Rishabha (ऋषभ /sa/) is the second of the seven svaras in Hindustani and Carnatic music. Rishabha is the long form of the syllable रे (Re).

== Detail ==
Rishabha holds significant importance in Indian classical music:

- Rishabha is the second svara in an octave or Saptak and follows "Sa" (Shadja) as its immediate successor.
- The svara of Rishabha is Komal and Shuddha.
- It is said that Shadja is the basic svara from which all the other 6 svaras are produced. When we break the word Shadja then we get, Shad and Ja. It means that Shad is 6 and ja is 'giving birth' in Marathi. So basically the translation is :
  The literal translation is: षड् - 6, ज - जन्म (giving birth). Therefore, it collectively means giving birth to the other six notes of music; thus, the svara Re is derived from Shadja.
- The frequency of Rishabha is 270 Hz. The frequencies of the seven svaras are as follows: Sa 240 Hz, Re 270 Hz, Ga 300 Hz, Ma 320 Hz, Pa 360 Hz, Dha 400 Hz, Ni 450 Hz, and Sa 480 Hz (Taar Saptak)........ (and so on). 'Sa' can have any frequency but then the frequencies of other svaras increase or decrease with a common ratio or difference.
Consequently, the Re after the Sa of 480 Hz (Taar Saptak) has a frequency of 540 Hz, i.e., double the frequency of the lower octave Re.
- There are three shrutis of Rishabha. Previously, the main shruti not only for Re but for all the other svaras was on the last shruti, but it is now considered to be on the first shruti. For example, if these are the three shrutis of Re:

                     Previously this was the position of the main Shruti of Re.
                     ^
              1 2 3
              ^
              But now this position has become the main Shruti of Re.
- All other svaras except Shadja (Sa) and Pancham (Pa) can be komal or tivra svaras, whereas Sa and Pa are always shuddha svaras. Consequently, Sa and Pa are called achal svaras because they do not move from their original positions. Svaras Re, Ga, Ma, Dha, and Ni are called chal svaras because they move from their original positions.

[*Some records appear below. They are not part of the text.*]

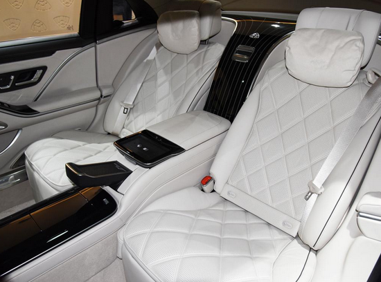 尺寸方面,迈巴赫S580 4MATIC长宽高为:5470/1921/1510mm,轴距为3396mm,定位大型车范畴。现场展车是四座版本,后排配备有中央扶手、多媒体大屏、腿托等设计。当副驾驶位通过按钮放倒以后,右后方的乘客伸直双腿都没有问题。
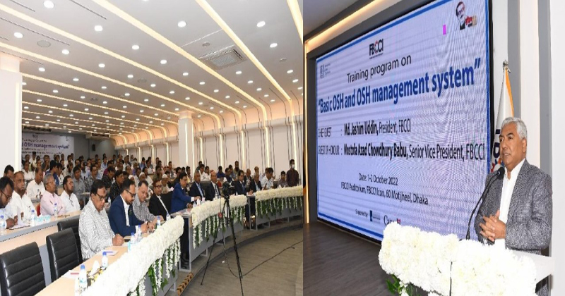 শনিবার সকালে এফবিসিসিআই কার্যালয়ে বেসিক ওএসএইচ অ্যান্ড ওএসএইচ ম্যানেজমেন্ট সিস্টেম শীর্ষক দু’দিন ব্যাপী এ প্রশিক্ষণ কর্মশালায় উদ্বোধন করেন এফবিসিসিআই সভাপতি মোঃ জসিম উদ্দিন। এসময় তিনি বলেন, দেশের সকল শিল্পে পেশাগত নিরাপত্তা ও স্বাস্থ্য সুরক্ষা নিশ্চিত করতে হবে। স্বল্পোন্নত দেশ থেকে উন্নয়নশীল দেশে রুপান্তরের পথে শিল্পকে নিরাপদ করা অত্যন্ত গুরুত্বপূর্ণ। সভাপতি বলেন, দেশের অনেক খাতই বিশ্বমানের পণ্য তৈরি করে। শোভন কর্মপরিবেশ নিশ্চিত করা গেলে এসব পণ্য রপ্তানির সম্ভাবনা তৈরি হবে।
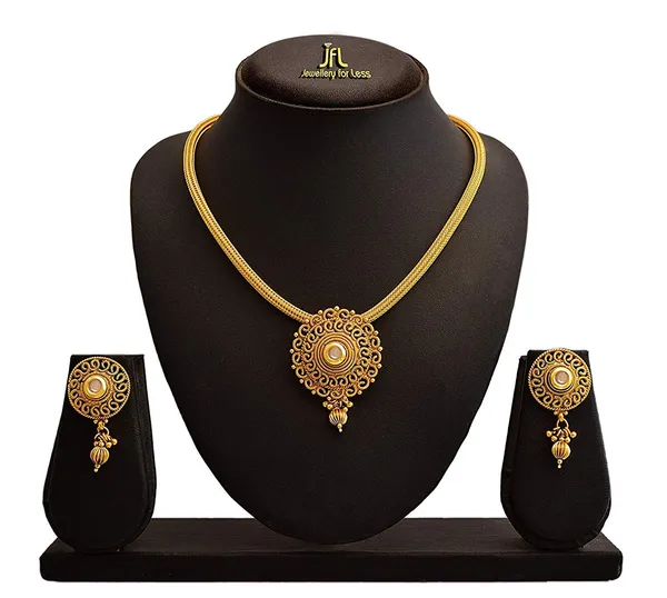 Gold Pretty Kundan Pendant With Chain & Earring Sets
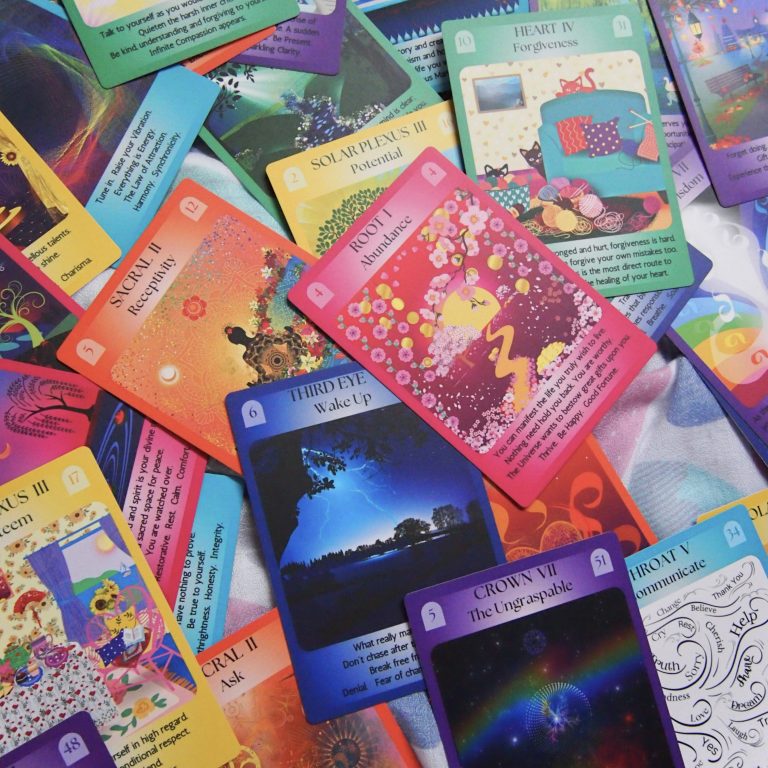 The Chakra Oracle was born from my own healing journey and the many years I’ve spent exploring personal growth, mindfulness, and emotional wellbeing. For a long time, I felt there was a missing piece — a way to bring all the insights and practices I’d gathered into something tangible, something you could hold in your hands and return to whenever you needed.
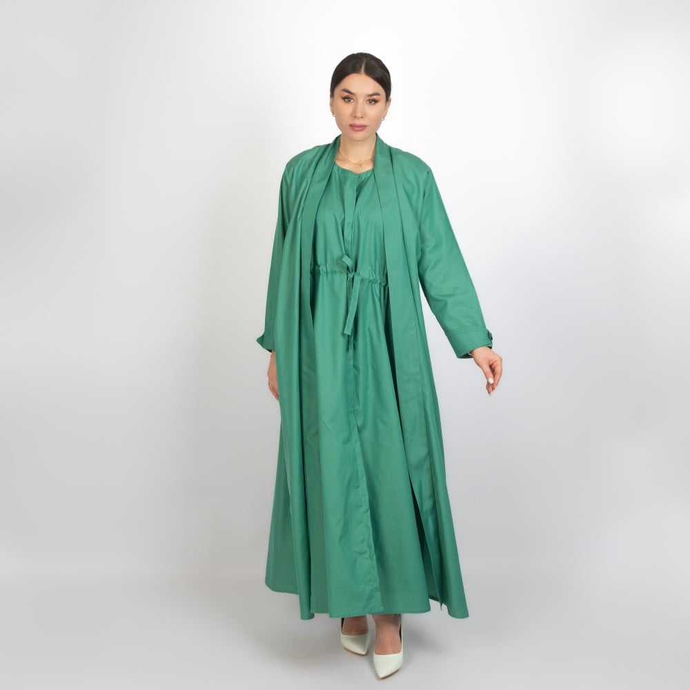 عباية فستان باللون الأخضر تعد خيارًا مثاليًا للأناقة والراحة في آن واحد. تم تصميم هذه العباية لتمنحك إطلالة أنيقة وعصرية، مع لمسة من الفخامة تناسب كاف...

     Sa, Re, Ga, Ma, Pa, Dha, Ni - Shuddha Svaras

     Re, Ga, Dha, Ni - Komal Svaras

     Ma - Tivra Svaras

- Ragas from Bhairav Thaat, Poorvi Thaat, Marwa Thaat, Bhairavi Thaat and Todi Thaat have Komal Rishabha, rest of the thaats have Shuddha Rishabha.
- Ragas where Re is the Vadi svara - Raga Brindabani Sarang, etc. Ragas where Re is the Samvadi svara - Raga Bhairav, etc.
- In traditional lore, Re is associated with the Rishimunis (sages). According to this tradition, the three main deities—Brahma, Vishnu, and Shiva—were created first as Sakar Brahma (represented by Sa), and these deities subsequently created the Rishimunis (represented by Re). The syllable Re serves as an acronym for Rishimuni to highlight its significance.
- Rishabha is said to be sourced from the lowing of a bull.
- Rishabha is associated with the planet Mars.
- Rishabha is the name of the earliest and first Tirthankara of Jainism.
- Rishabha is associated with the color red.

==Difference in pronouncing==
While Rishabha is the long form of the syllables रे and री, it is shortened to Re or Ri for simplicity during singing. This variation reflects differing pronunciations between Hindustani classical music, which uses Re, and Carnatic classical music, which uses Ri. In Hindustani classical music, Rishabha is pronounced as Re, while in Carnatic classical music, it is pronounced as Ri.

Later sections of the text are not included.